With all the right gear in place, I would love to ride on these sunny mornings, but I'm recovering from a chest infection, still not got full use of my lungs yet & I have been off the bike for over a week now 

Maybe Friday a gentle pootle to work might be allowed.


----------



## cosmicbike (28 Feb 2018)

Had 2 miles of fun on the recumbent trike this morning, -3C but suitably dressed only the face was cold


----------



## Lavender Rose (28 Feb 2018)

I am in Ashford, Kent and it was -6 this morning. I had the day off yesterday which was nice as mums school was closed so myself, mum, dad and the dog went for a lovely walk and it was just a great day.

I was not looking forward to the early commute anyway. I start work at 6:15, I usually leave at 5:45am in good conditions! I woke up at 4am, all wrapped up - took a broom out and cleared the car IN THE PITCH BLACK!!!. The roads where I live (rural Ashford) don't get gritted so it's a 50/50 chance whether you die or not!

Thankfully my colleague stepped in and did the earlier shift so I didn't die - I was so annoyed with the main roads not being gritted! It's such a busy road, I didn't get out of 2nd gear or above 20mph!!

Not looking forward to driving home at all!! I cannot believe all the mad people driving in early to do swimming and fitness classes IN THEIR CARS?! It's like GET A GRIP.


----------



## Blue Hills (28 Feb 2018)

By the by, reminded by charlotte's post, are roads gritted less these days? Am from rural lancs and very definitely have the impression that they are far less cleared than of old.

Wouldn't altogether surprise me as, outside the london bubble, the county council can no longer afford many libraries, nor many rural buses to stir up the slush.


----------



## Lavender Rose (28 Feb 2018)

Blue Hills said:


> By the by, reminded by charlotte's post, are roads gritted less these days? Am from rural lancs and very definitely have the impression that they are far less cleared than of old.
> 
> Wouldn't altogether surprise me as, outside the london bubble, the county council can no longer afford many libraries, nor many rural buses to stir up the slush.

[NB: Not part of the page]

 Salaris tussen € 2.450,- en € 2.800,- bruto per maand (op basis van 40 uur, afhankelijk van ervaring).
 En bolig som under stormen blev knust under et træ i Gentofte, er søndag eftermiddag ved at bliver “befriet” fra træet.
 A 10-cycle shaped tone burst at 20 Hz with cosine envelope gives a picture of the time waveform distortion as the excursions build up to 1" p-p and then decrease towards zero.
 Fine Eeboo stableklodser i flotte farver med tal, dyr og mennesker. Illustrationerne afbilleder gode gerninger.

I definitely think they are gritting less - it's ridiculous - I mean face it, our country is not set up for snow - no extra money for gritting lorries and It's just depressing.

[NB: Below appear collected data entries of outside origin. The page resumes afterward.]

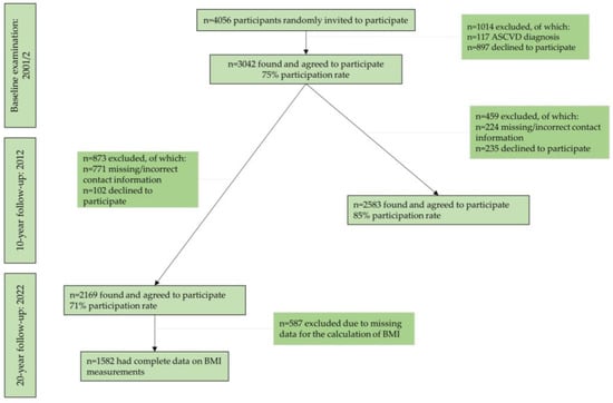 During 2001–2002, 4056 adults from the region of Attica, Greece were randomly invited to participate in the study. The sample selection was random and stratified by age, sex, and region, based on the 2001 census. Initially, participants were reached by telephone calls, letters, or home visits. Afterwards, 3042 adult men and women, who suited the study criteria, agreed to participate in the baseline examination and were, thus, recruited in the study. Trained health professionals assessed these participants’ characteristics through face-to-face interviews. Of the 3042 initial participants, 2583 were found at the 10-year follow-up (85% participation rate), and 2169 participants were found at the 20-year follow-up (71% participation rate) (Figure 1). Almost half of the individuals lost to follow-up were not found because of missing or wrong addresses and telephone numbers and the rest because they declined to be re-examined. After excluding participants with missing values on the BMI measurements, the sample for the current analyses consisted of 1582 participants (Figure 1). No significant differences were observed between this sample and the baseline sample, regarding the distribution of age and sex (p-value > 0.05).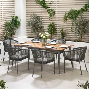 The Reims Grey Dining Set made in Vietnam, includes a wide slatted rectangular acacia wood dining table finished in a Light Teak colour and 6 Dark Grey dining chairs. The frame on all pieces is finished in a powder-coated metal in a tonal Anthracite colour. The weatherproof properties of the polyrope mean it will not absorb water ensuring a taught structure with no sagging but affording the ultimate in comfort along with the Light Linen Stone Grey fabric cushion. The cushions are season-proof and fire retardant, whilst the acacia wood is a tough, long lasting hardwood being environmentally friendly as it is also a fast growing wood, making it an excellent choice for outdoor furniture. The Reims chairs are also stackable, therefore, space saving when not in use. Sol 27 Outdoor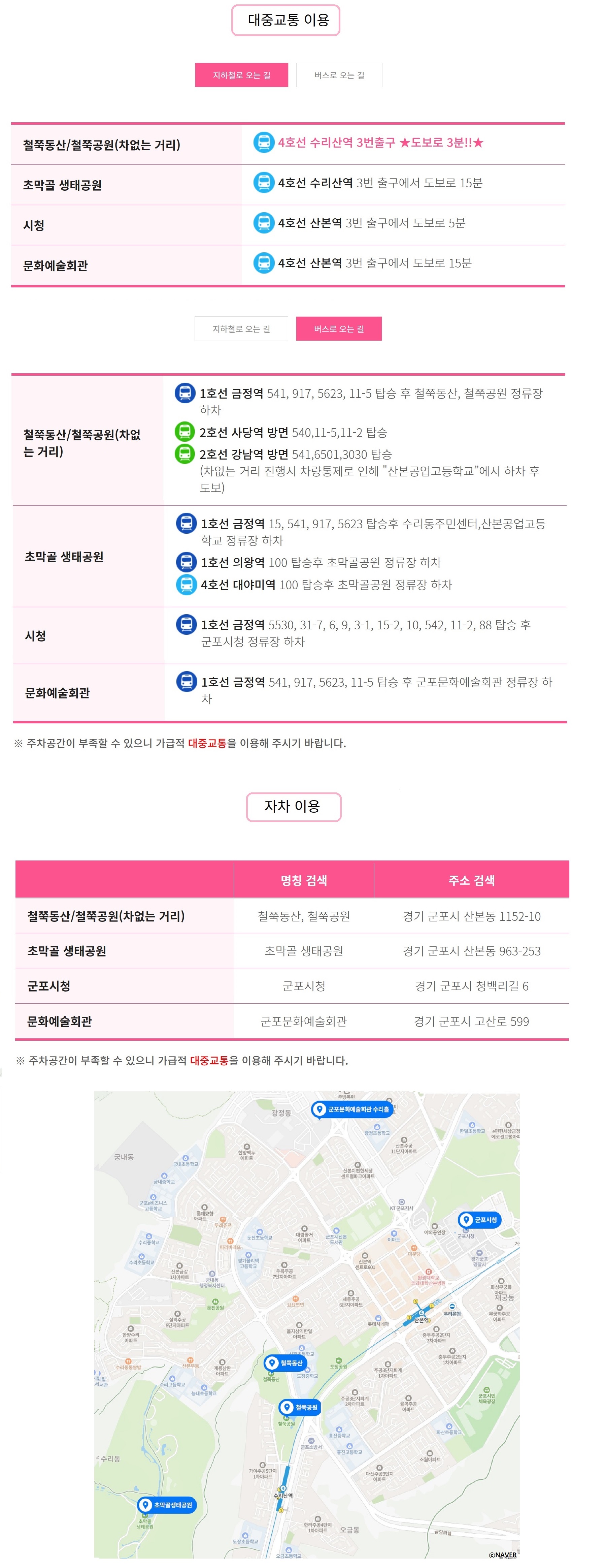 버스를 이용할 경우 1호선 금정역이나 2호선 사당·강남 방면에서 운행되는 노선들이 철쭉공원 정류장으로 연결되므로, 교통편도 매우 편리하답니다. 군포 철쭉축제 주차 고민 없이 편안하게 다녀오시려면 대중교통이 정답이에요.

We have local farmers who have been helping, thankfully, but it is still scary. By looking at the most recent forecast, it has changed, still under freezing all day for the next 2 days but no more snow forecast! It just means hopefully the snow will be broken up eventually?!


----------



## mjr (28 Feb 2018)

Blue Hills said:


> By the by, reminded by charlotte's post, are roads gritted less these days? Am from rural lancs and very definitely have the impression that they are far less cleared than of old.
> 
> Wouldn't altogether surprise me as, outside the london bubble, the county council can no longer afford many libraries, nor many rural buses to stir up the slush.


It varies by county. I think Norfolk decided to keep salting the same amount of roads... it's a mixed thing. On the one hand, all the salt is harmful to roadside plants and wildlife. On the other hand, it enables more motorists to drive faster through the village and arguably crash slightly less.


----------



## biggs682 (28 Feb 2018)

The only grit i have seen on my mainly cycle path commute is laid down by a private company where employees cross between 2 sites they operate next door to each other but the sites are divided by a cycle path and a stretch of waste ground


----------



## mjr (28 Feb 2018)

Charlotte Alice Button said:


> I definitely think they are gritting less - it's ridiculous - I mean face it, our country is not set up for snow - no extra money for gritting lorries and It's just depressing.


Is it really ridiculous not to spend millions extra to cope with an average of a week or so a year of snow in Kent? 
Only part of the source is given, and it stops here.